▶ _Excerpted data_:
------------------------
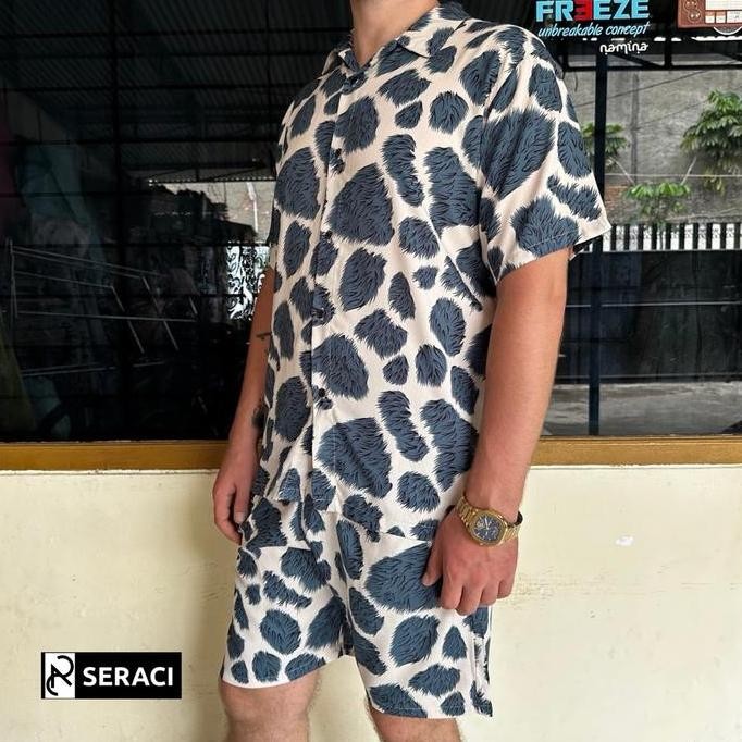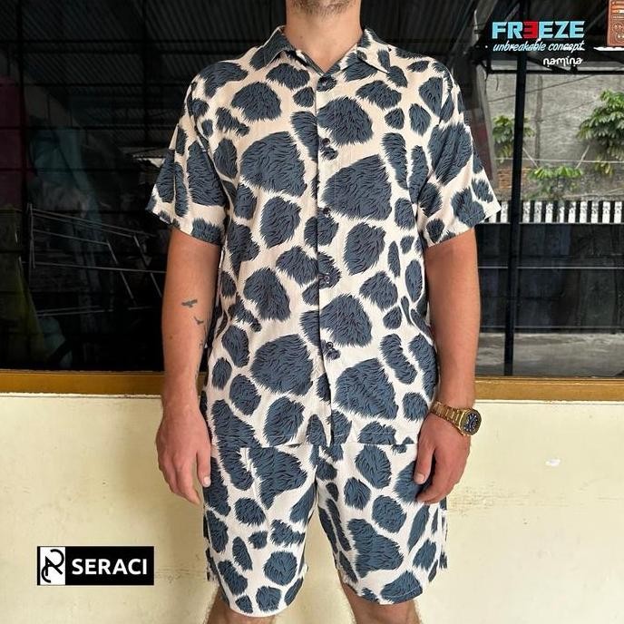 SERACI - one set kemeja pria dan wanita setelan celana pendek hawaii daily outfit pantai bahan rayon premium baju tidur piyama motif Monster Denim
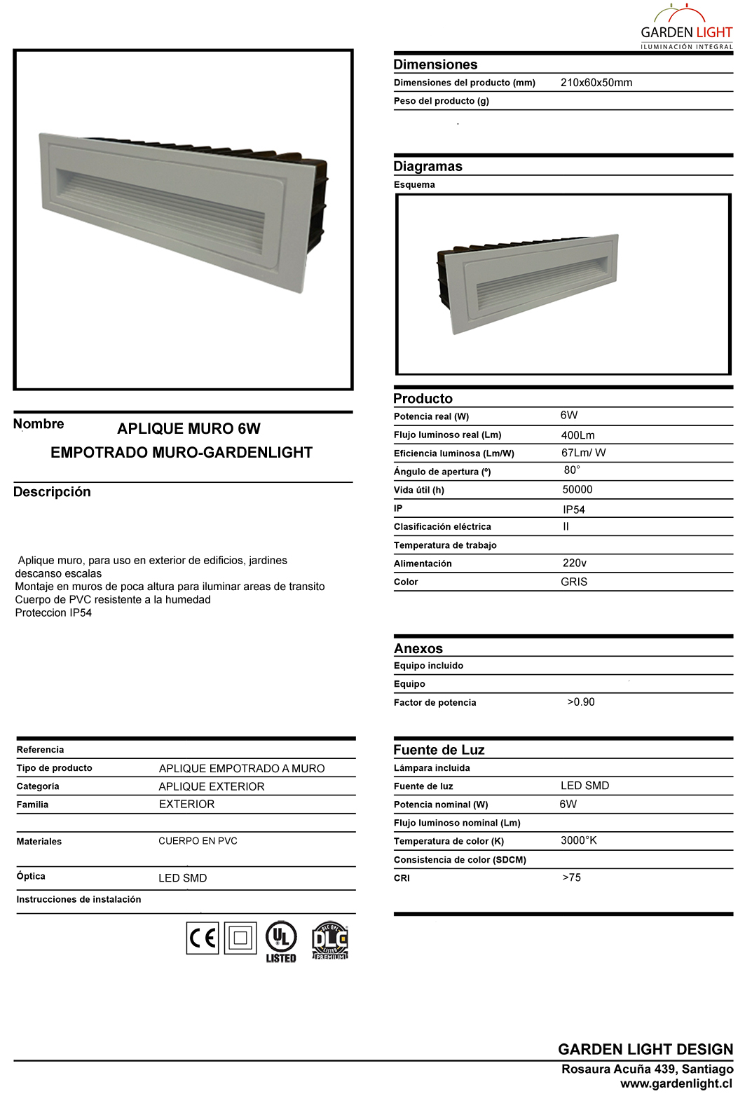 Aplique muro exterior empotrado 6W para jardín, apto para uso residencial, comercial e institucional, con materiales de policarbonato y cristal templado, IP65 para exteriores y alta eficiencia luminosa.
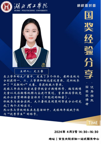 史兰馨同学从时间管理、学习方法等方面分享了她的经验。她认为,合理安排时间、制定学习计划是提高学习效率的关键。同时,她强调了团队协作的重要性,鼓励学弟学妹们多参与集体活动,学会与他人共同成长。
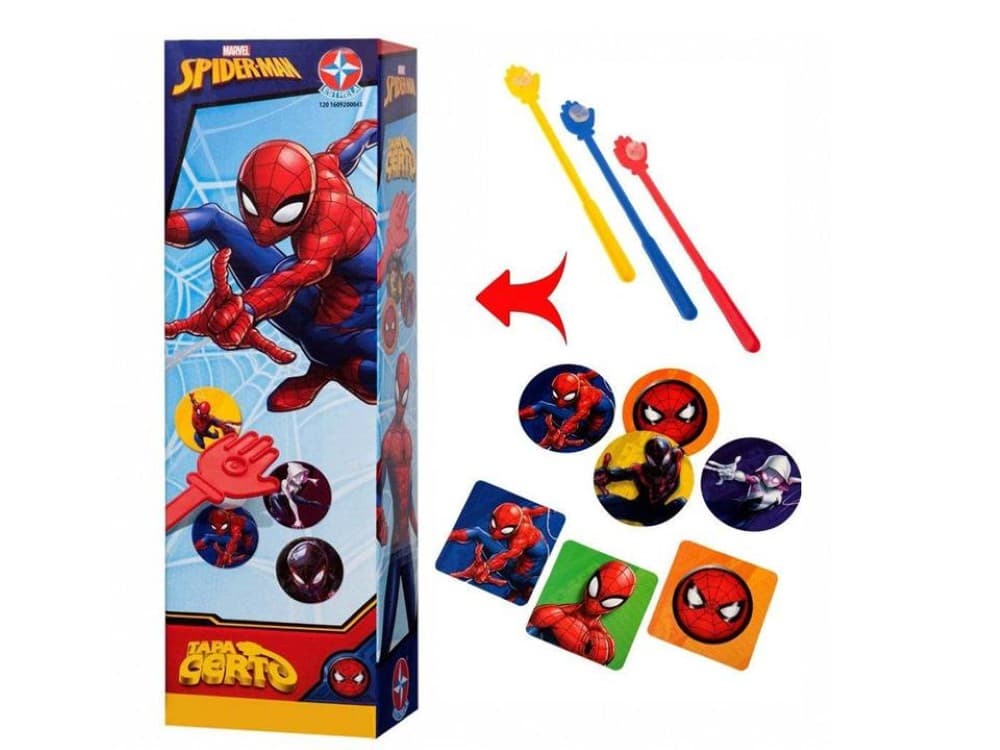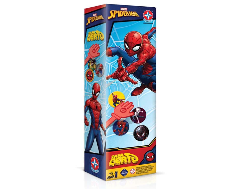 O clássico Tapa Certo com os personagens do Spiderman. Divirta-se pegando as imagens deles com as "mãozinhas" com ventosas!
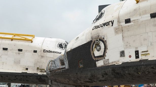 Trzy słynne promy kosmiczne zakończyły już swoją służbę i teraz znajdują się w Centrum Kosmicznym Kennedy'ego. Atlantis, Discovery oraz Endeavour przechodzą teraz proces przygotowania do publicznej prezentacji. Z uwagi na to, że w Centrum jest za mało miejsca na przygotowanie wahadłowców na raz, potrzebna była mała zamiana. Dzięki temu powstały te unikatowe zdjęcia.
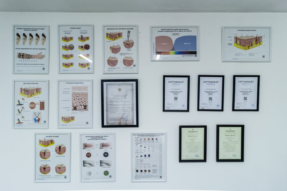Каждая процедура включает в себя консультацию,сбор анамнеза, а так же осмотр на нашем уникальном дерматоскопе ''Babor'', увеличивающим изображение в 200 крат с ИК и УФ лучами,что позволяет оценить целостность кожи, количество краски и химический состав частиц. На основании полученной информации подбирается индивидуальная методика удаления для каждого клиента,что позволяет уменьшить количество сеансов. В процессе работы на лицензированном лазере «Melsytech Superfull» место воздействия охлаждается специальной криоустановкой, которая снижает дискомфортные ощущения и защищает ткани от перегрева.
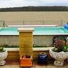 Der Pool 4m x 7m x 1,60m ist massiv hergestellt und kann mit einer Solaranlage 10 m² beheizt werden. Bereits ab April bis Oktober sind angenehme 20 – 27 Grad Wassertemperatur möglich.
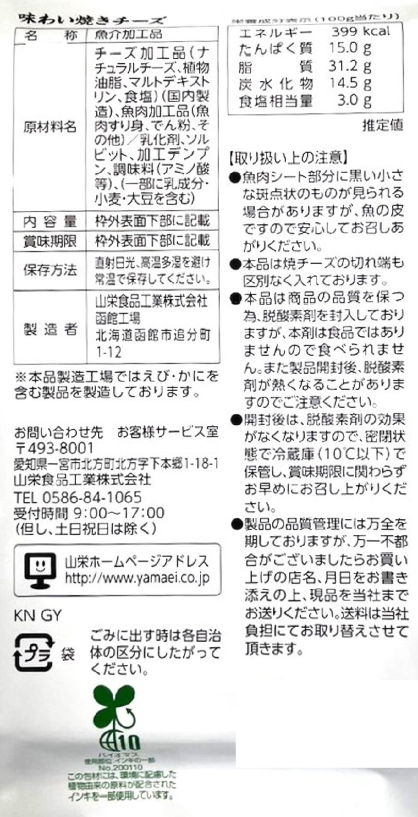 北海道産チェダーチーズとカマンベールチーズ、クリームチーズの3種をブレンドした味わい豊かなチーズを魚肉シートと合わせ、こんがりと焼き上げました。
------------------------
▶ _Task item_: Could you retype every line above exactly as it appears, skipping the pictures?

▶ _Exercise response_:
 SERACI - one set kemeja pria dan wanita setelan celana pendek hawaii daily outfit pantai bahan rayon premium baju tidur piyama motif Monster Denim
 Aplique muro exterior empotrado 6W para jardín, apto para uso residencial, comercial e institucional, con materiales de policarbonato y cristal templado, IP65 para exteriores y alta eficiencia luminosa.
 史兰馨同学从时间管理、学习方法等方面分享了她的经验。她认为,合理安排时间、制定学习计划是提高学习效率的关键。同时,她强调了团队协作的重要性,鼓励学弟学妹们多参与集体活动,学会与他人共同成长。
 O clássico Tapa Certo com os personagens do Spiderman. Divirta-se pegando as imagens deles com as "mãozinhas" com ventosas!
 Trzy słynne promy kosmiczne zakończyły już swoją służbę i teraz znajdują się w Centrum Kosmicznym Kennedy'ego. Atlantis, Discovery oraz Endeavour przechodzą teraz proces przygotowania do publicznej prezentacji. Z uwagi na to, że w Centrum jest za mało miejsca na przygotowanie wahadłowców na raz, potrzebna była mała zamiana. Dzięki temu powstały te unikatowe zdjęcia.
Каждая процедура включает в себя консультацию,сбор анамнеза, а так же осмотр на нашем уникальном дерматоскопе ''Babor'', увеличивающим изображение в 200 крат с ИК и УФ лучами,что позволяет оценить целостность кожи, количество краски и химический состав частиц. На основании полученной информации подбирается индивидуальная методика удаления для каждого клиента,что позволяет уменьшить количество сеансов. В процессе работы на лицензированном лазере «Melsytech Superfull» место воздействия охлаждается специальной криоустановкой, которая снижает дискомфортные ощущения и защищает ткани от перегрева.
 Der Pool 4m x 7m x 1,60m ist massiv hergestellt und kann mit einer Solaranlage 10 m² beheizt werden. Bereits ab April bis Oktober sind angenehme 20 – 27 Grad Wassertemperatur möglich.
 北海道産チェダーチーズとカマンベールチーズ、クリームチーズの3種をブレンドした味わい豊かなチーズを魚肉シートと合わせ、こんがりと焼き上げました。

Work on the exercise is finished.